The traveling salesman problem has confounded mathematicians and scientists for decades. Ever since its creation in the 1930s, there has been numerous attempts to solve it, to find an algorithm able to find the optimal solution in the smallest amount of time.
The problem goes as follows: a salesman must visit a series of cities. The path that he takes to visit all of them does not matter as long as he visits every city and finish where he started.
Here is an example:
The salesman wants to visit all of the cities in the least amount of time (or least distance traveled), so which path should he take?
One way to approach it is through genetic algorithms. If you are not familiar with this process, take a look at the article, genetic algorithms for beginners.
This time, the process is a little different:
Initiation
Initiate a random population of “paths” where each path is the order that the salesman follows to visit the cities. If the cities are A, B, C, D, then one path could be A C B D
Evaluation + Selection + Crossover
Create a new empty population which will eventually replace the old population.
Find the fittest (least distance) path of the entire population (this path will be the elite) and automatically add it to the new population.
Next, breed individuals to fill the new population with offspring. In order to do this, have two tournaments. A tournament happens when the fittest is selected out of a small randomly selected sector of the population and “wins” the tournament. The winners of the two tournaments crossbreed (the next section goes over the process of crossbreeding). The reason for having tournaments is to add diversity as automatically selecting the fittest few paths will slowly kill diversity which is not desired.
The child is then subjected to mutations and added to the new population. Do this until the new population is filled up.

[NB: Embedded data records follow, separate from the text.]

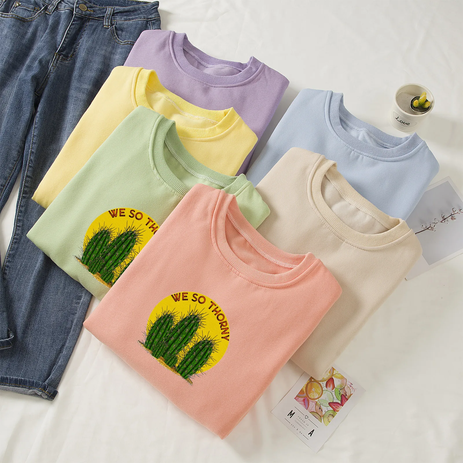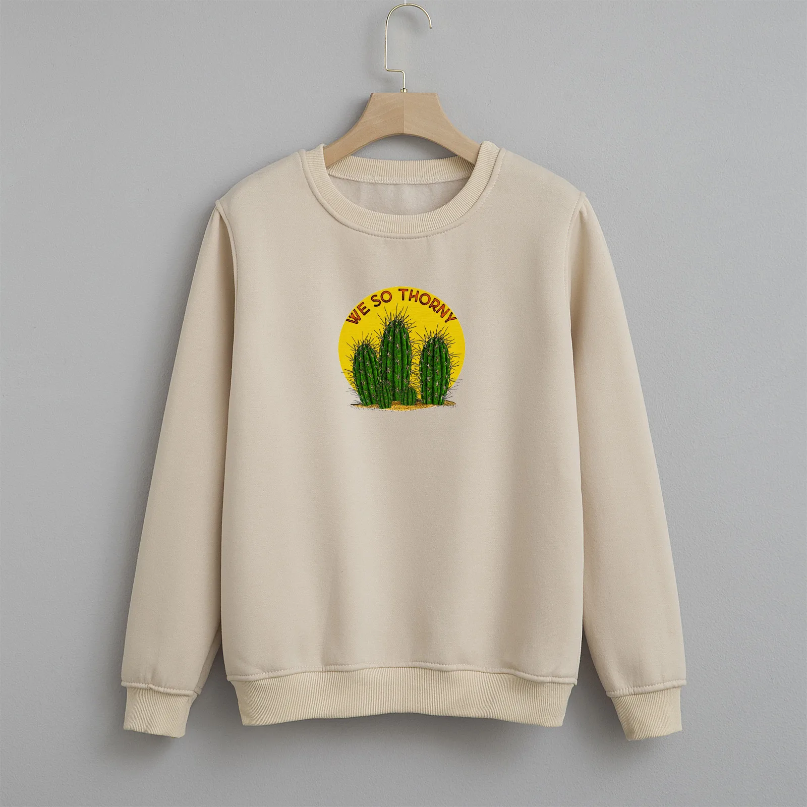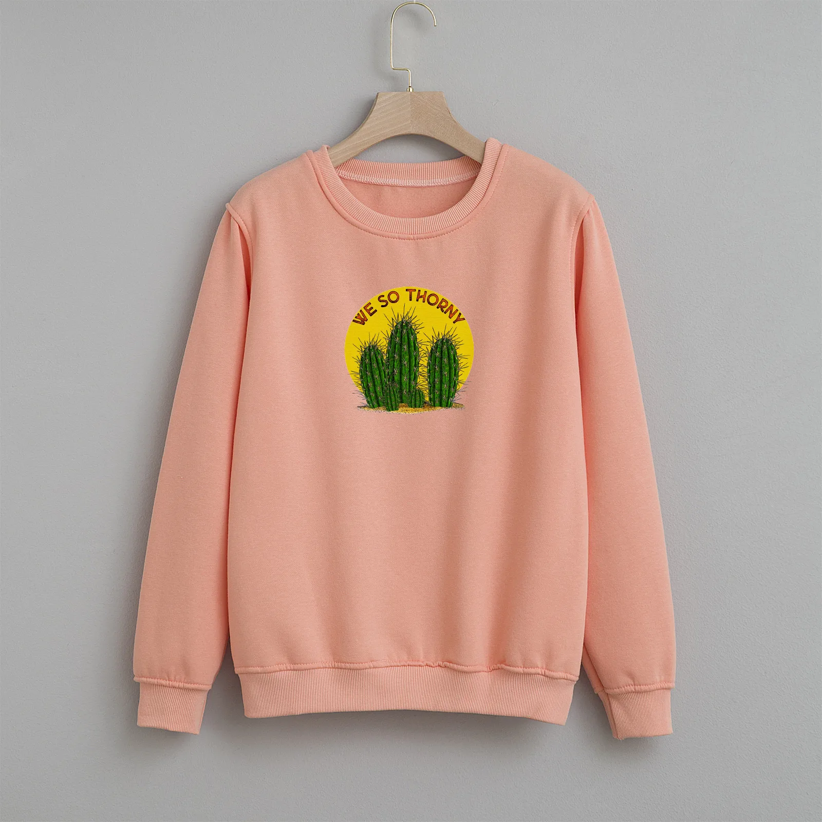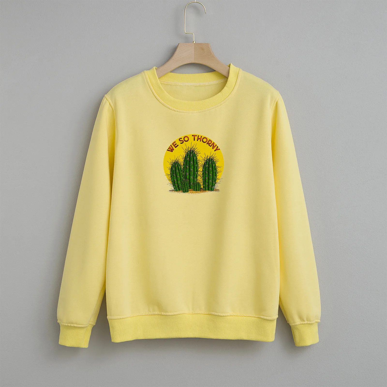 Размера плюс кофта с капюшоном с длинными рукавами зима Harajuku кактус, пуловер-свитшот с принтом женская одежда для подростков осень-зима Kawaii одежда с открытыми плечами
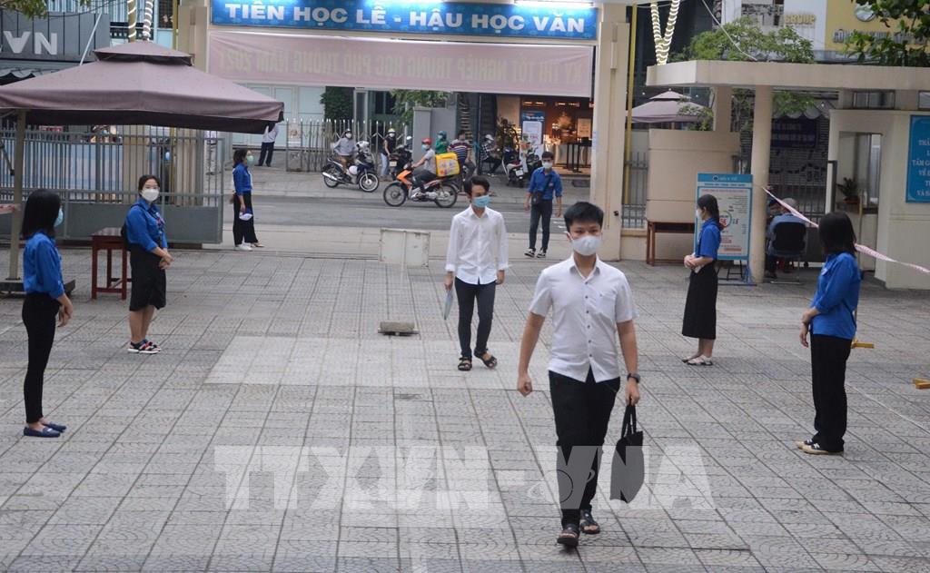 Thí sinh được yêu cầu giãn cách khi vào điểm thi trường THPT Trần Phú (thành phố Đà Nẵng). Ảnh: Văn Dũng - TTXVN
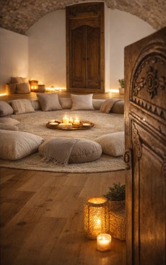 Un espace chaleureux et équipé : propice aux pratiques douces, aux ateliers et aux temps de partage.

Replace old population with new population.
This is how crossbreeding works in this context.
Lets say the cities are A, B, C, D, E, F
Assume that one parent’s order is A C B D F E and one parent’s order is B A C D E F
The child is created by randomly selecting one segment of the first parent and filling the rest of the child with the cities that are not used in the order of the second parent.
Let’s say the segment is from the 3rd city to the 5th city.
The child would be _ _ B D F _ for now (A C B D F E)
Then the missing cities are added in the order of the second parent. So
A _ B D F _ as B is already in the path.
A C B D F _ then
A C B D F E
Path.py
This creates the city object, each of which has a coordinates and an unique ID to help differentiate them.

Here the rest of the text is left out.